しゃらんと音が響いて、スペイドとその一味の姿が消失した。
「逃がしてよかったんですか?」ヨシキが訊くと、厳津和尚はうなずいた。
「彼らの未来は茨の道です。我々が沙汰を下すこともないでしょう」
「イッタイナンなのヨォ!」幼児化した実原レイカが癇癪を起こした。「アタシのネコちゃんは!?おふろ使いたいからオウチに帰シテよ!」
カオリが屈んでレイカの頭を撫でた。
「あなたいまこうなってるのよ」手鏡を渡すと、レイカが覗き込んで目を見張った。
「アラっ!」レイカは頬に手を当てながら喜色に満ちた声を上げた。「アタシ若返ってる!ネエ片桐さん!アタシ若返ってるわぁ!」
片桐レイカは忌々しげな顔で、髪を手櫛で梳いた。
「ねえ、なんだか知らないけれどもう終わったのよね?」
ヨシキが答えた。
「まだだ。あんたとは話し合う必要がある」
アズサはふんと鼻を鳴らした。
「そんなことに応じる義務はないわ」
「いや、ある」
アナの傍らに黒猫のハリーが駆け寄ってきた。
「ネコちゃーん」アナは手を差し伸べたが、ハリーはその手を無視して別の腕に飛び込んだ。アナはむっとして、ハリーを抱え上げるその腕の持ち主を見上げた。

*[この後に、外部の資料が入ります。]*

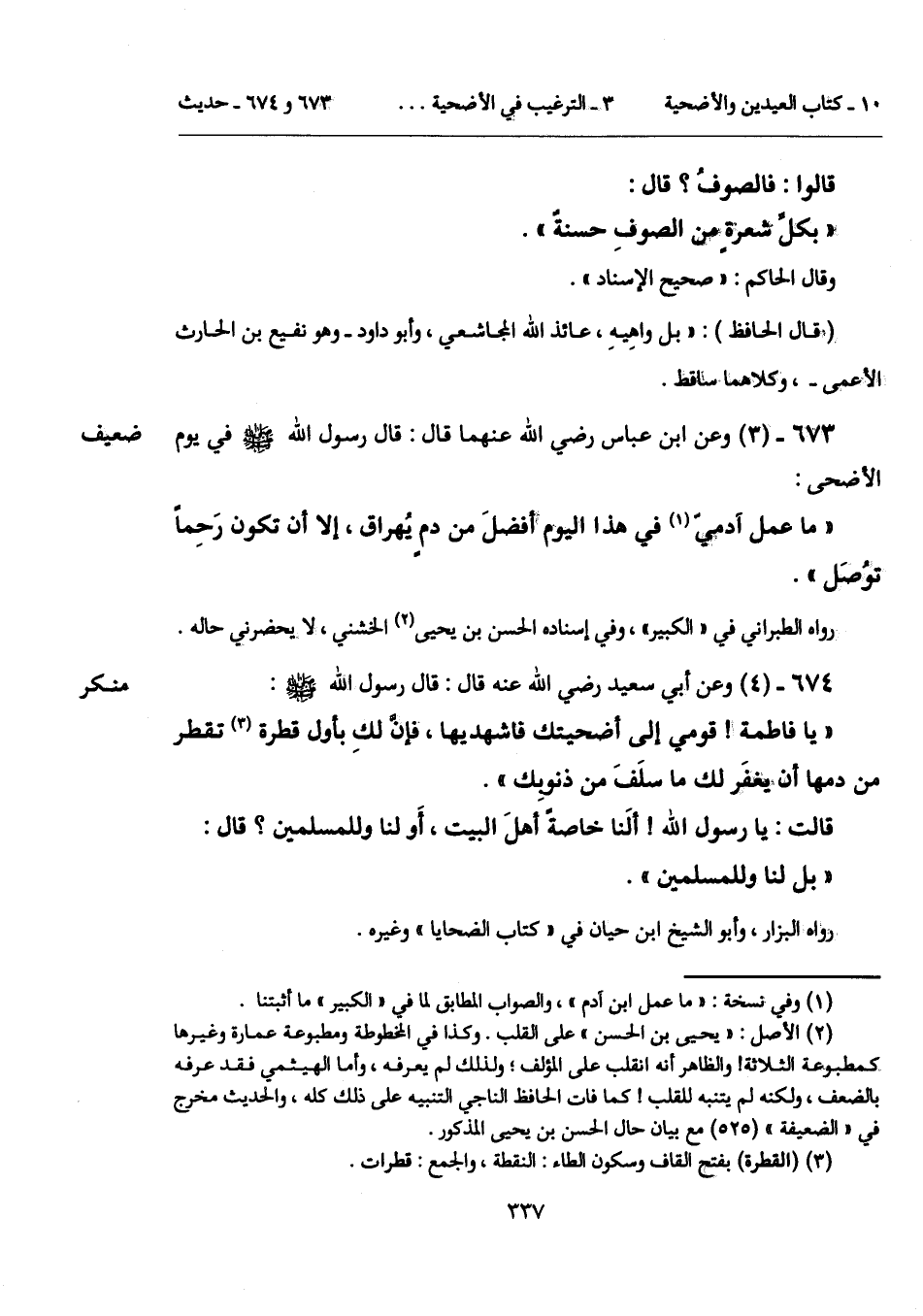 673 - (3) [ضعيف] وعن ابن عباس رضي الله عنهما قال: قال رسول الله - صلى الله عليه وسلم - في يوم الأضحى: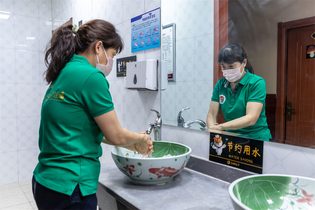 通过岗前三分钟检查提醒,严格要求工作人员按照疫情防控要求部署做好手部消杀、穿戴工装等。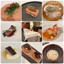5年3ヶ月ぶりにスリオラへ。 初めて行った時はまだ麻布十番にある頃で、 フィデウアを初めて食べた思い出のお店です😊 通算で5回目。初めてテーブル席に。 ここはライブ感のあるカウンター席が好きなので、 ちょっと残念でした.... 徐々に埋まるテーブル席の客は全て外人カップル。 例の規制のせいか中国系はいませんでした。 静かな客たちで一安心♪ おまかせコース1本。 12品もあったので8品のみコラージュ。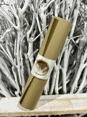 Προσκλητήριο γάμου πάπυρος από 2 οικολογικά χαρτιά σε 2χρωμία καφέ – κρεμ, με χειροποίητο σκίσιμο (deckled edge), χρυσοτυπία στις γωνίες και στα ονόματα, και 2χρωμο βουλοκέρι με τα μονογράμματα.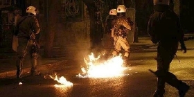 Συγκεκριμένα, κατά το χρονικό διάστημα από 20:00-21:00 εκδηλώθηκαν τέσσερις (4) επιθέσεις σε βάρος αστυνομικών δυνάμεων από άτομα με καλυμμένα τα χαρακτηριστικά του προσώπου τους συνοδευόμενες από ρίψη βομβών μολότοφ, πετρών, γυάλινων μπουκαλιών, μαρμάρων, λοιπών αντικειμένων και χρήση σωματικής βίας.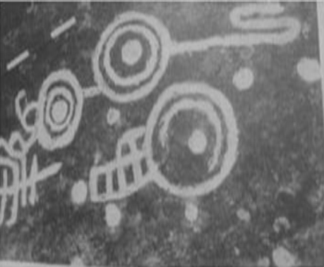 forman varios grupos de cazoletas y círculos. Uno de estos círculos tiene a sus lados terminaciones en cuadrados y otros en unas líneas que forman una especie de cuadricula, más semejante a una escalera. Otro grupo es el formado por dos círculos unidos entre sí por una recta y uno de los círculos remata en una línea serpentiforme.(fig.2).

長髪の大男だ。上着の派手な刺繍の独特な模様からして異世界人――バァルの住人と思われ――
「――デスペラン・アンバー……?」
男はちらっとアナを見て頷いた。
「見ろハリー、俺有名人だぞ」
「ニャオン」
他の皆もデスペラン・アンバーの出現に気付いた。タカコが口に手を当てて言った。
「あれ?……ですぴーじゃん」
デスペランが厳津和尚に尋ねた。
「終わったかい?」
「おおむね、終わりました」
そして、厳津はヨシキと片桐アズサのほうに目を向けた。